Le migrant iranien retrouvé sur la plage et qui a été hospitalisé, a précisé que l’embarcation était partie d’une plage de Dunkerque et tentait de rejoindre la Grande-Bretagne.

Des recherches ont ensuite été lancées par les secours avec l’aide d’un hélicoptère de l’armée belge. «Peu après 7H00 (6H00 GMT), l’embarcation légère des quatre hommes était localisée» et secourue, ont précisé les autorités maritimes.

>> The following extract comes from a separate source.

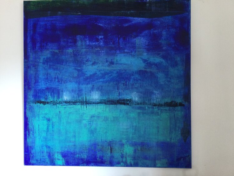 In dit werk wilde ik de mysterieuze diepte van blauw vastleggen, een symbool van kalmte en hoop. Elke penseelstreek drukt een intense emotie uit, een mix van sereniteit en dynamiek. Dit schilderij brengt een rustgevende sfeer in huis, vol contemplatie en eindeloze dromen. Het nodigt je uit om je onder te dompelen in een oceaan van rust en diepe gedachten.

«C’était vraiment in extremis, on leur a sauvé la vie, car ils étaient sur le point de chavirer. Il y avait des vagues terribles et le bateau était rempli d’eau», a indiqué Bernard Barron, un des sauveteurs, précisant qu’il s’agissait d’une vedette de pêche et de promenade de 3 mètres de long.

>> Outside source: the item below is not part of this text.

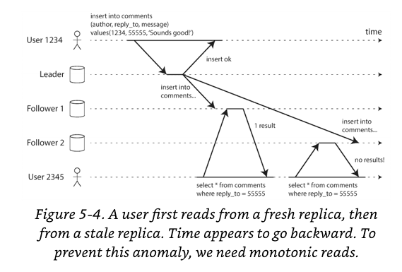 - client can remember the timestamp of its most recent write, so if replica is behind the timestamp, read can be handled by other replica.

Selon Gilles Debove, responsable local d’un syndicat de police, ce type de tentative est «exceptionnel». «Ça doit être la 2e ou la 3e fois depuis dix ans», a-t-il dit. «La traversée de la Manche est hyper dangereuse car c’est une autoroute maritime. La Manche et la mer du Nord, ce n’est pas la Méditerranée».

Le président d’une association locale de soutien aux migrants, Christian Salomé, a dit à l’AFP redouter une multiplication de ce type de tentatives en raison du passage en Angleterre rendu de plus en plus difficile par les travaux de sécurisation et les contrôles accrus dans le port de Calais et sur le site du tunnel sous la Manche.

Environ 3.700 migrants, venus majoritairement d’Afrique de l’Est, du Moyen-Orient et d’Afghanistan, vivent dans la «Jungle» de Calais, plus grand bidonville de France, dans l’espoir d’atteindre l’Angleterre. Ils sont également environ 1.500 dans un camp à Grande-Synthe, près de Dunkerque.